現在、工事が進められているのは、田町付近から既存の大汐線(現在は休止中)を再活用し、東京貨物ターミナルを経て、最大深度約50mにおよぶシールドトンネルで羽田空港に至るもの。これにより、宇都宮線・高崎線・常磐線など首都圏北部の広域エリアから羽田空港への直通アクセスが可能となり、東京駅からは乗り換えなしで最短約18分という所要時間が実現する。

東京貨物ターミナルの東側で進められる羽田空港アクセス線の電留線整備工事の様子(写真=By 電車(新幹線)でゴー! - Own work, CC0, https://commons.wikimedia.org/w/index.php?curid=146442095)
出典=国土交通省プレスリリースhttps://www.mlit.go.jp/report/press/content/001383168.pdf

JR東日本にとっても、自社の広域ネットワークと羽田を結ぶことで新たな収益源の確保を狙う、長期戦略の中核をなす事業とされている。
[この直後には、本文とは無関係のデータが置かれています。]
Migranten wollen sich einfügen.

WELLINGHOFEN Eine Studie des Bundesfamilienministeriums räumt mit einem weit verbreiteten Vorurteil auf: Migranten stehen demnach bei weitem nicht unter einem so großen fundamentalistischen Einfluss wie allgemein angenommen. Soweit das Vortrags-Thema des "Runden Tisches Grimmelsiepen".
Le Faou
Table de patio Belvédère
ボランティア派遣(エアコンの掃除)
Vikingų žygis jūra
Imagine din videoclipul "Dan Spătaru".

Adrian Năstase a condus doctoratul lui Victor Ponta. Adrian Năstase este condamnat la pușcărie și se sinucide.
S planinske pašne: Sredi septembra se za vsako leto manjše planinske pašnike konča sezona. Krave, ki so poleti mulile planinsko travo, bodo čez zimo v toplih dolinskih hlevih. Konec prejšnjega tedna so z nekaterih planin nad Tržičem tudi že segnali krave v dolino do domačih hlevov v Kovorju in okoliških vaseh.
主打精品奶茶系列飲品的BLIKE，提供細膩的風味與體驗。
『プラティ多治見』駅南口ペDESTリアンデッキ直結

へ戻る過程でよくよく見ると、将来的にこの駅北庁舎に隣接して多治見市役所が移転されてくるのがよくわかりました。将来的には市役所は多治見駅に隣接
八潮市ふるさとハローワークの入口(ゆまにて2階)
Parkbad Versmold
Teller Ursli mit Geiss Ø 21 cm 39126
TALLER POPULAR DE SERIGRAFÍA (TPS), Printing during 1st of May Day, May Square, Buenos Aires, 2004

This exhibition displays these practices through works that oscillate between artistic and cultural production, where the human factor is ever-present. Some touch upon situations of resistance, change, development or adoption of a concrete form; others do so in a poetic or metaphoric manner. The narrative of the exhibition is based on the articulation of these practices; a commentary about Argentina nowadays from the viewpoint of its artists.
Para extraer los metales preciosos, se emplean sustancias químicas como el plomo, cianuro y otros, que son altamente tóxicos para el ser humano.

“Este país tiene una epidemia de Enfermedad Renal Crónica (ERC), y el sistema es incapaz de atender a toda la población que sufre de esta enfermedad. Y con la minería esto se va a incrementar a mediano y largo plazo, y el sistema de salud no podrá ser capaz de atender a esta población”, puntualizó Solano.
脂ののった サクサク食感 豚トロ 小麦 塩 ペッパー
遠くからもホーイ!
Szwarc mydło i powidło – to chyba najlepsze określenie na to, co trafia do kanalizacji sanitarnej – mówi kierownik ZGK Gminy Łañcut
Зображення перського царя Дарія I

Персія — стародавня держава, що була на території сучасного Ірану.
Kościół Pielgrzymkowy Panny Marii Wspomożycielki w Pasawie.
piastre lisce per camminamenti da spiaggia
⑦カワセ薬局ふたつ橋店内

湾岸部の再開発や沿線不動産の資産価値向上など、空港アクセス改善を契機とした都市構造の変革も期待されており、このプロジェクトは単なる「空港への鉄道新線」を超え、首都圏の交通・経済の再編を促すトリガーとなる可能性を秘めているとされる。

訪日6000万人時代へ…羽田空港の需要はもう限界

2:羽田空港のアクセス路線は足りない

羽田空港アクセス線の整備が本格化する背景には、羽田空港の利用者数が年々増加し、既存のアクセス路線では将来的な需要を捌ききれなくなるという切実な事情がある。
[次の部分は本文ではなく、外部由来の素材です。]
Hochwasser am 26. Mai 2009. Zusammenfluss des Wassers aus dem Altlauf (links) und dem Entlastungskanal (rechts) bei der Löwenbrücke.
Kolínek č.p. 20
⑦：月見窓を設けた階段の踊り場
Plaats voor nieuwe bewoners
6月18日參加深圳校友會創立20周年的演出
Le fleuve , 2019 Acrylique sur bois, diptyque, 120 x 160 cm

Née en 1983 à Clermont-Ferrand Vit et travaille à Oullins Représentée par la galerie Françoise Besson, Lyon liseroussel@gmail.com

羽田空港は、コロナ禍前からすでに年間8000万人規模の旅客を受け入れており、日本国内で最も利用者数の多い空港である。2020年以降の感染拡大によって一時的に旅客数は落ち込んだものの、その後の需要回復は著しく、2024年には約8590万人に到達。すでにコロナ前の水準を上回っている。

そしてこの需要は、まだ「回復の途中段階」に過ぎない。政府は2030年に訪日外国人旅行者数6000万人を目指すという明確な目標を掲げており、それに応じて首都圏空港、特に羽田空港には今後もさらなる国際線の就航や増便が求められる。国際航空運送協会(IATA)も、世界的な航空旅客数は年率約3%のペースで成長を続けると予測しており、日本の空港も例外ではない。